What the exercise asks: Write out the records once more, exactly, and keep any image out.

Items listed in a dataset
────────────────

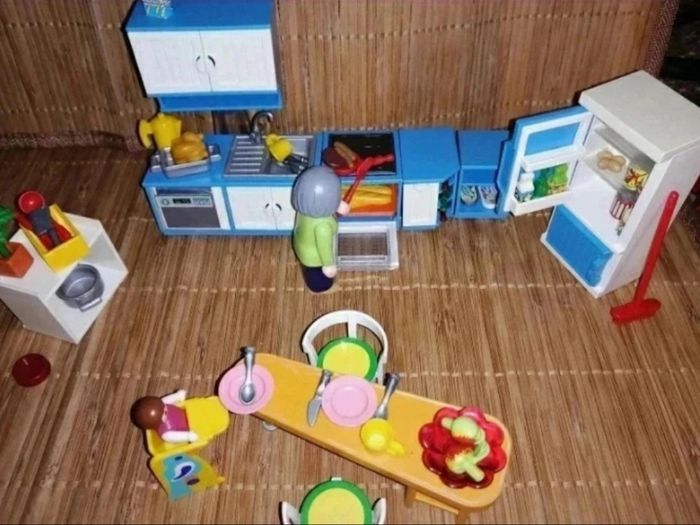 Manque suivant modèle original : 1 tapis, 1 chien, 1 gamelle, 1 chien, 1 cafetière, 1 fromage, 1 pelle & balayette.
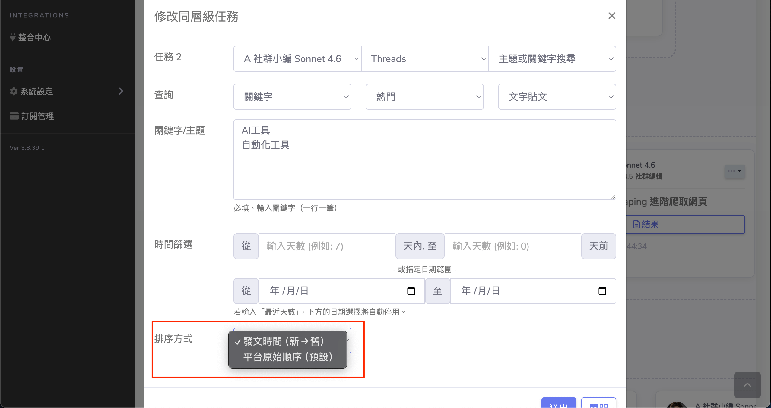 在 Threads 搜尋任務中,現在可以自訂輸出結果的排序邏輯。
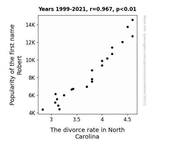 This means 93.5% of the change in the one variable (i.e., The divorce rate in North Carolina) is predictable based on the change in the other (i.e., Popularity of the first name Robert) over the 23 years from 1999 through 2021.
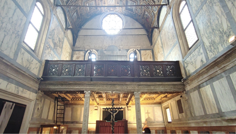 Between 1988 and 1998, Save Venice sponsored an extensive conservation program that encompassed the entire structure, safeguarding both its exterior and interior treasures. More recently, in the aftermath of the catastrophic acqua alta (exceptional high tide) of 2019, Save Venice once again intervened, funding urgent emergency treatments to stabilize the building and mitigate the immediate effects of flood damage.
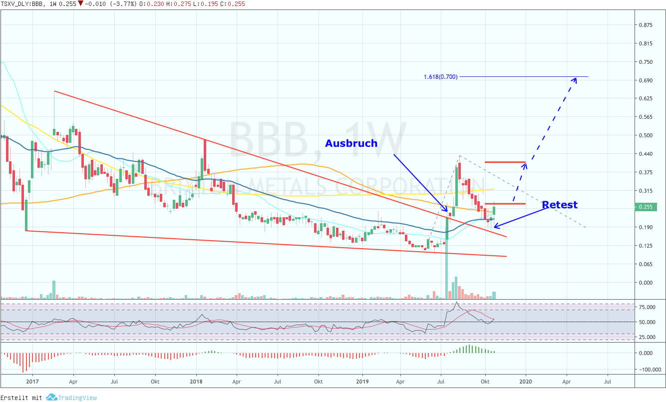 Der Wochenchart von Brixton Metals zeigt ein sich über 2 1/2 Jahre bildendes zusammenziehendes fallendes Dreieck. Im Juli dieses Jahres brach die Aktie aus dem Dreieck gen Norden aus, bildet am 12. August einen Hochpunkt, um dann bis 22. Oktober einen klassischen Retest an der umfunktionierten Unterstützungslinie hinzulegen.
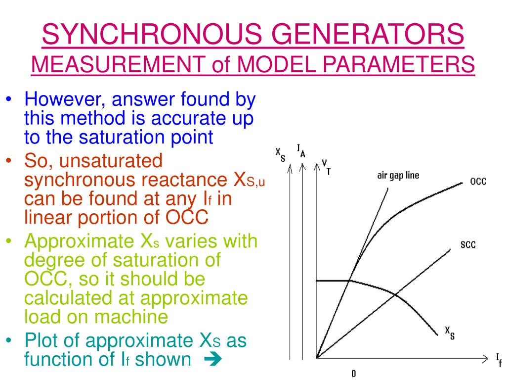 SYNCHRONOUS GENERATORSMEASUREMENT of MODEL PARAMETERS • However, answer found by this method is accurate up to the saturation point • So, unsaturated synchronous reactance XS,u can be found at any If in linear portion of OCC • Approximate Xs varies with degree of saturation of OCC, so it should be calculated at approximate load on machine • Plot of approximate XS as function of If shown
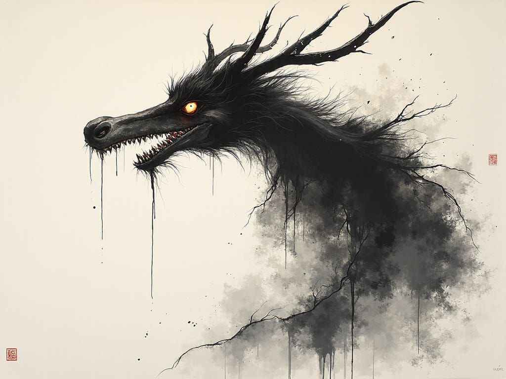 This intricate painting showcases a mesmerizing scene created with traditional Chinese ink techniques, highlighting the beauty of fluid artistry and subtle expression.
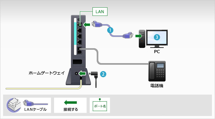 ホームゲートウェイの[LAN]ポートのいずれかと、PCの[LAN]ポートをLANケーブルで接続します。

────────────────

Worked solution:
 Manque suivant modèle original : 1 tapis, 1 chien, 1 gamelle, 1 chien, 1 cafetière, 1 fromage, 1 pelle & balayette.
 在 Threads 搜尋任務中,現在可以自訂輸出結果的排序邏輯。
 This means 93.5% of the change in the one variable (i.e., The divorce rate in North Carolina) is predictable based on the change in the other (i.e., Popularity of the first name Robert) over the 23 years from 1999 through 2021.
 Between 1988 and 1998, Save Venice sponsored an extensive conservation program that encompassed the entire structure, safeguarding both its exterior and interior treasures. More recently, in the aftermath of the catastrophic acqua alta (exceptional high tide) of 2019, Save Venice once again intervened, funding urgent emergency treatments to stabilize the building and mitigate the immediate effects of flood damage.
 Der Wochenchart von Brixton Metals zeigt ein sich über 2 1/2 Jahre bildendes zusammenziehendes fallendes Dreieck. Im Juli dieses Jahres brach die Aktie aus dem Dreieck gen Norden aus, bildet am 12. August einen Hochpunkt, um dann bis 22. Oktober einen klassischen Retest an der umfunktionierten Unterstützungslinie hinzulegen.
 SYNCHRONOUS GENERATORSMEASUREMENT of MODEL PARAMETERS • However, answer found by this method is accurate up to the saturation point • So, unsaturated synchronous reactance XS,u can be found at any If in linear portion of OCC • Approximate Xs varies with degree of saturation of OCC, so it should be calculated at approximate load on machine • Plot of approximate XS as function of If shown
 This intricate painting showcases a mesmerizing scene created with traditional Chinese ink techniques, highlighting the beauty of fluid artistry and subtle expression.
 ホームゲートウェイの[LAN]ポートのいずれかと、PCの[LAN]ポートをLANケーブルで接続します。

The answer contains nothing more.